After having understood your process, it’s time to pick the tools you’ll be using to perform these operations. Be open minded when considering which language, framework, or platform may be the best fit for your operation. Some languages are better suited for specific operations, and even if you segment your codebase a little bit for the sake of being efficient, the tradeoff may be worth it!  

If you find you have a process with multiple steps, consider treating each of them as an opportunity to pick the right tool for the job. If you use something like AWS Lambda, each step of your process can be handled in a different language. You could have Python, Node, Go, and C# in the same workflow. Not necessarily something we would recommend, but you should explore which language fits the step you’re working on!   

Identify your bottlenecks 

Every process will end up having a single step that takes the most time. Often this one step will be the most time-consuming by a factor of 10 or more. This can present an opportunity to make significant progress in improving your workflow. Why spend time optimizing a step that takes seconds, when you have another that takes minutes? Focus on the steps with a potentially high return on investment. 

Another consideration when looking at your bottlenecks is to examine whether there are ways to organize your flow in such a way that some shorter processes can run in conjunction with your most time-consuming step. For instance, if your users are waiting for validation of data, you may be able to immediately respond with the validation of results and start a separate job to process the data.  

Practical Examples 

Choosing the right language 

Softrams just recently set a new benchmark for the number of records it was able to extract from almost 2500 files when it processed 4.26 billion records in a single data extraction. These operations involve a lot of Input/Output operations, and originally was written in NodeJS. Deciding to take advantage of the multi-threading capabilities of GoLang, we were able to reduce the time it took to process a single file from almost 16 minutes a file, to about 6 minutes a file. Over 2500 files, this type of change saved the process over 400 hours of processing time! 

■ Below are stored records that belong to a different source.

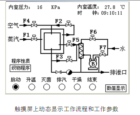 其它元件組成一套完整的控制系統,一般共配備了五套滅菌程序(織物程序﹑器械程序﹑液體程序﹑BD實驗、自選程序),您可以根據需要選擇應用,也可以根據實際情況改變工作參數。觸摸屏可實時顯示程序運行的每一過程狀態。
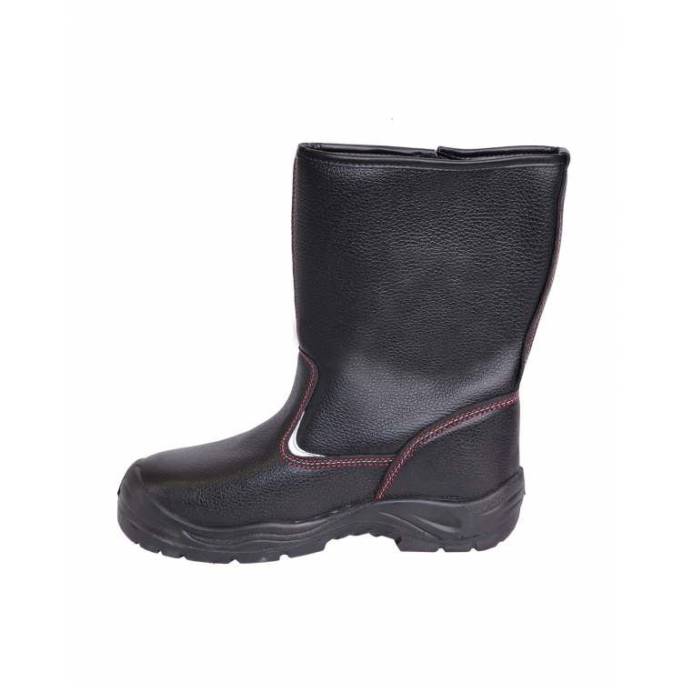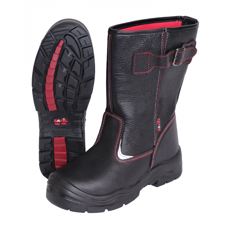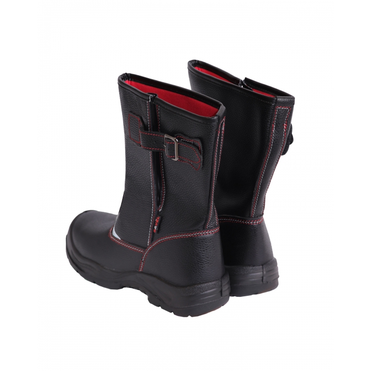 Верх выполнен из натуральной кожи черного цвета с дополнительной защитой от ВО. Внутренняя поверхность отделана сетчатой, дышащей типикой красного цвета. Все прошитые швы дополнительно проклеены для герметичности. Подошва композиционная, выполнена из ПУ-Нитрил, закреплена литьевым методом. Материал подошвы обеспечивает легкость, износостойкость, термо- и химостойкость. Поликарбонатный подносок (ПКП) позволяет защитить от ударов в носочной части энергией до 200 Дж.
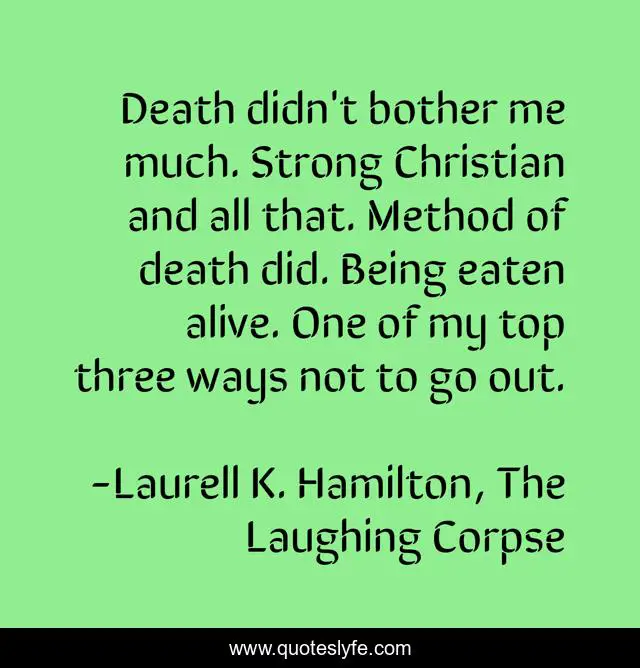 This page presents the quote "Death didn't bother me much. Strong Christian and all that. Method of death did. Being eaten alive. One of my top three ways not to go out.". Author of this quote is Laurell K. Hamilton, The Laughing Corpse. This quote is about death, humor,.
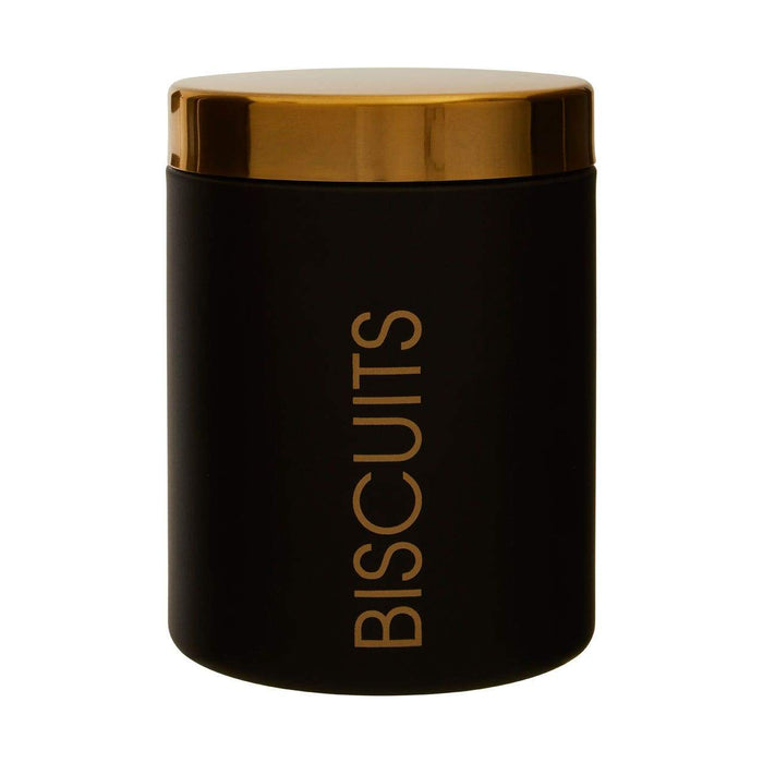 This biscuit canister will add a touch of elegance to the kitchen with its smooth black enamel finish and metallic lid. The Liberty biscuit canister is made from stainless steel and features "biscuit" lettering in a gold finish which is accentuated by the black base colour. A reflective gold finish lid securely fits on the top and gives metallic appeal to this container. The rubber gasket ring around the rim creates an airtight effect to keep the contents fresh for longer period.
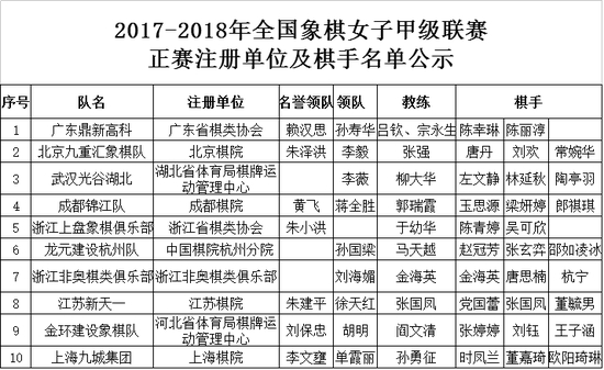 赛事共有十支女子队伍广东鼎新高科象棋队(陈幸琳、陈丽淳),北京九重汇象棋队(唐丹、刘欢、常婉华),湖北武汉光谷象棋队(左文静、林延秋、陶亭羽),成都锦江象棋队(玉思源、梁妍婷、郎祺琪),浙江上盘象棋俱乐部队(陈青婷、吴可欣),龙元建设杭州象棋队(赵冠芳、张玄弈、邵如凌冰),浙江非奥棋类俱乐部队(金海英、唐思楠、杭宁),江苏新天一象棋队(党国蕾、张国凤、董毓男),金环建设象棋队(张婷婷、刘钰、王子涵),上海九城集团象棋队(时凤兰、董嘉琦、欧阳琦琳)参加。比赛分为两个阶段赛会制,第一阶段10月17日-23日,第二阶段既定在2018年的四月展开。

Letting the database do the work 

One of our engineers worked at a company that needed to process between 200,000 and 500,000 records ever hour. Originally this job was written in PHP using a PostgresSQL database, and the process would load chunks of records into memory before processing them. This meant that they could only process a certain number of records at once, and the entire process took almost twenty minutes every hour. One engineer was able to move a core piece of processing logic to the query that fetched these records originally, which substantially reduced the computations that were required in-memory. This reduced the processing time from nearly 20 minutes to less than a minute per job.  

Summary

Memory is cheap, but don’t limit your system by neglecting a sound approach when dealing with large data. Be intentional about your process and set yourself up for success to scale 10x when you need to.